(DATA SECTION)

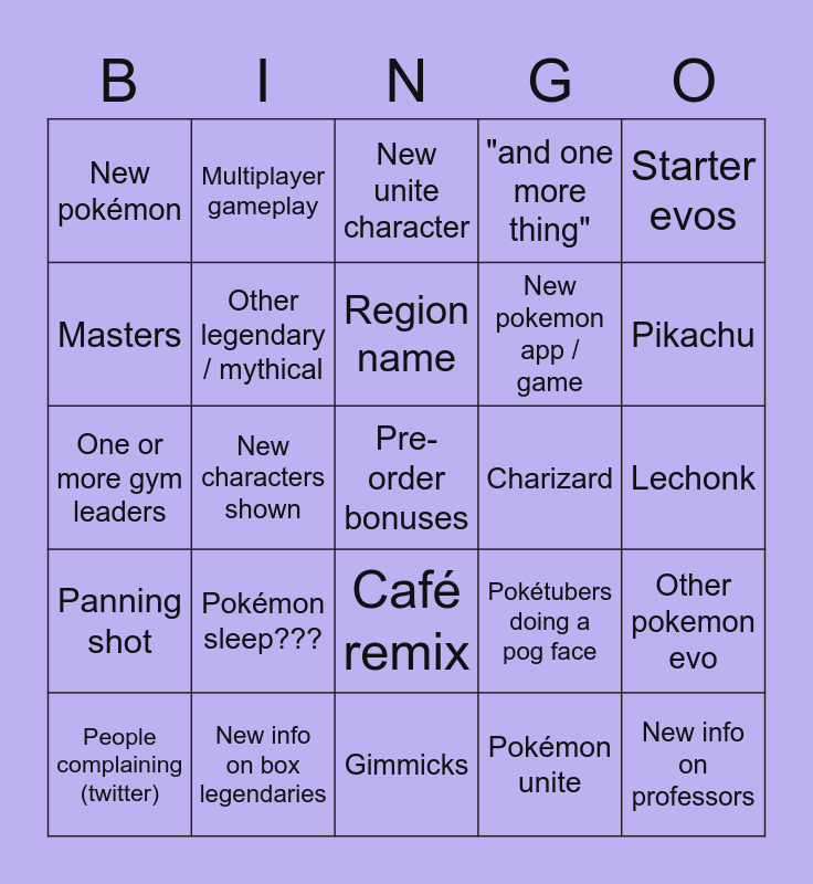 This bingo card has 25 words: Pokémon sleep???, Gimmicks, Region name, People complaining (twitter), Starter evos, New pokémon, Masters, Multiplayer gameplay, Charizard, Café remix, New pokemon app / game, One or more gym leaders, Pokétubers doing a pog face, Other pokemon evo, Other legendary / mythical, New info on professors, Lechonk, New unite character, Pikachu, New characters shown, Pre-order bonuses, New info on box legendaries, Panning shot, "and one more thing" and Pokémon unite.
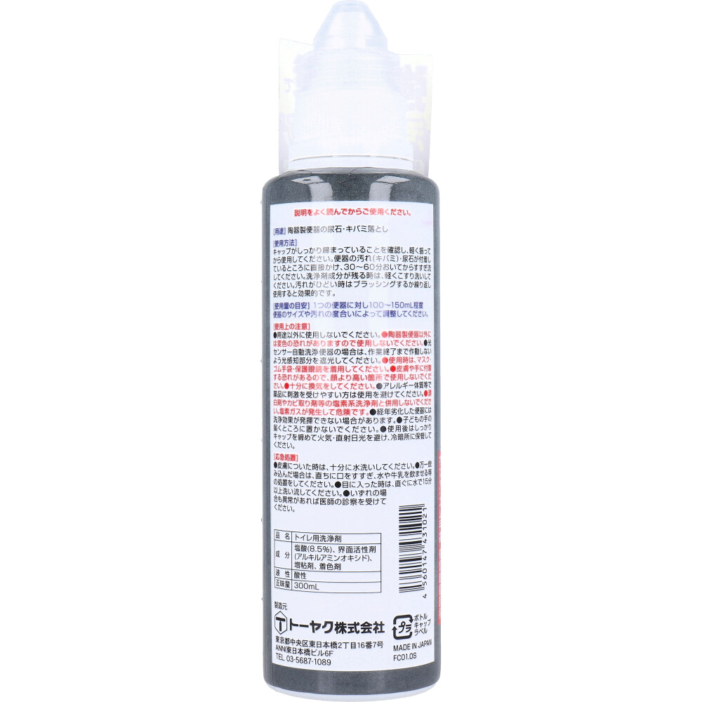 注意事項 | 【使用上の注意】 ・用途以外に使用しないでください。 ・陶器製便器以外には変色の恐れがありますので使用しないでください。 ・光センサー自動洗浄便器の場合は、作業終了まで作動しないよう光感知部分を遮光してください。 ・使用時はマスク・ゴム手袋・保護眼鏡を着用してください。 ・皮膚や手に付着する恐れがあるので、顔より高い箇所で使用しないでください。 ・十分に換気をしてください。 ・アレルギー体質等で薬品に刺激を受けやすい方は使用をさけてください。 ・漂白剤やカビ取り剤等の塩素系洗浄剤と併用しないでください。塩素ガスが発生して危険です。 ・経年劣化した便器には洗浄効果が発揮できない場合があります。 ・子どもの手の届くところに置かないでください。 ・使用後はしっかりキャップを締めて火気・直射日光を避け、冷暗所に保管してください。 【まぜるな危険 酸性タイプ】 ・塩素系の製品と一緒に使う(まぜる)と有害な塩素ガスが出て危険。 |
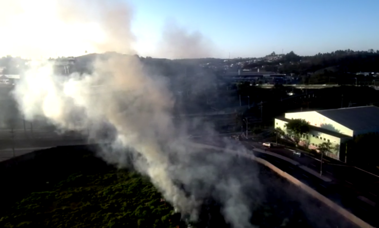 As imagens feitas com um drone mostram o fogo em uma área de vegetação, no centro de Várzea Paulista. O local foi destinado a instalação de um shopping. O Local é murado. O uso do equipamento serviu para avaliar a extensão do incêndio e qual seria a melhor forma de acessar o local.
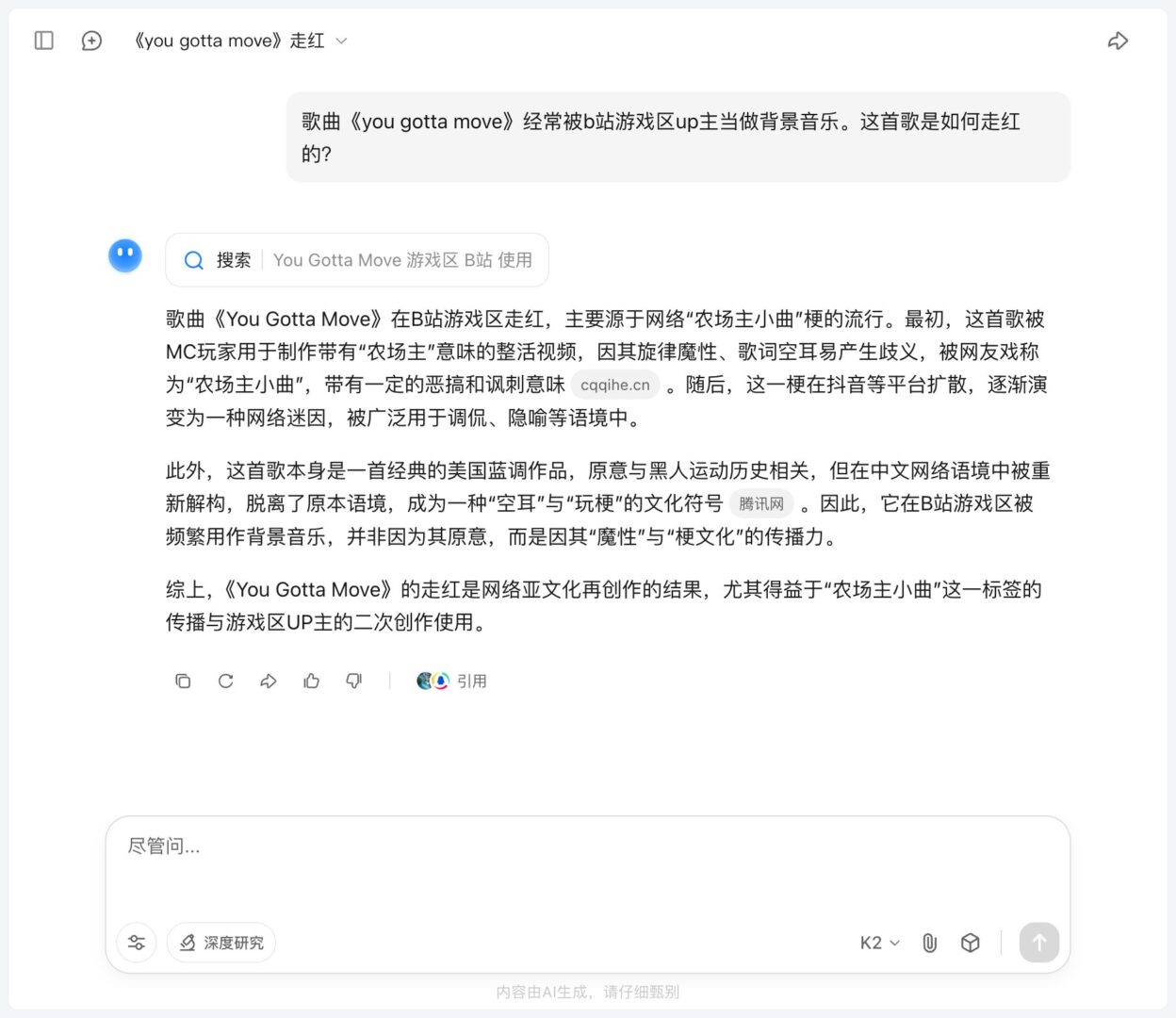 Kimi 简要介绍了 《You Gotta Move 》的起源和走红原因。关键词 「农场主小曲」 与豆包生成答案一致,且在 B 站进行关键词验证是能搜索出相关内容的。

(End DATA SECTION)

*WHAT THE EXERCISE ASKS*.
The expected answer is the listing above, duplicated exactly, with its pictures removed.

*THE COMPLETED TASK*.
 This bingo card has 25 words: Pokémon sleep???, Gimmicks, Region name, People complaining (twitter), Starter evos, New pokémon, Masters, Multiplayer gameplay, Charizard, Café remix, New pokemon app / game, One or more gym leaders, Pokétubers doing a pog face, Other pokemon evo, Other legendary / mythical, New info on professors, Lechonk, New unite character, Pikachu, New characters shown, Pre-order bonuses, New info on box legendaries, Panning shot, "and one more thing" and Pokémon unite.
 注意事項 | 【使用上の注意】 ・用途以外に使用しないでください。 ・陶器製便器以外には変色の恐れがありますので使用しないでください。 ・光センサー自動洗浄便器の場合は、作業終了まで作動しないよう光感知部分を遮光してください。 ・使用時はマスク・ゴム手袋・保護眼鏡を着用してください。 ・皮膚や手に付着する恐れがあるので、顔より高い箇所で使用しないでください。 ・十分に換気をしてください。 ・アレルギー体質等で薬品に刺激を受けやすい方は使用をさけてください。 ・漂白剤やカビ取り剤等の塩素系洗浄剤と併用しないでください。塩素ガスが発生して危険です。 ・経年劣化した便器には洗浄効果が発揮できない場合があります。 ・子どもの手の届くところに置かないでください。 ・使用後はしっかりキャップを締めて火気・直射日光を避け、冷暗所に保管してください。 【まぜるな危険 酸性タイプ】 ・塩素系の製品と一緒に使う(まぜる)と有害な塩素ガスが出て危険。 |
 As imagens feitas com um drone mostram o fogo em uma área de vegetação, no centro de Várzea Paulista. O local foi destinado a instalação de um shopping. O Local é murado. O uso do equipamento serviu para avaliar a extensão do incêndio e qual seria a melhor forma de acessar o local.
 Kimi 简要介绍了 《You Gotta Move 》的起源和走红原因。关键词 「农场主小曲」 与豆包生成答案一致,且在 B 站进行关键词验证是能搜索出相关内容的。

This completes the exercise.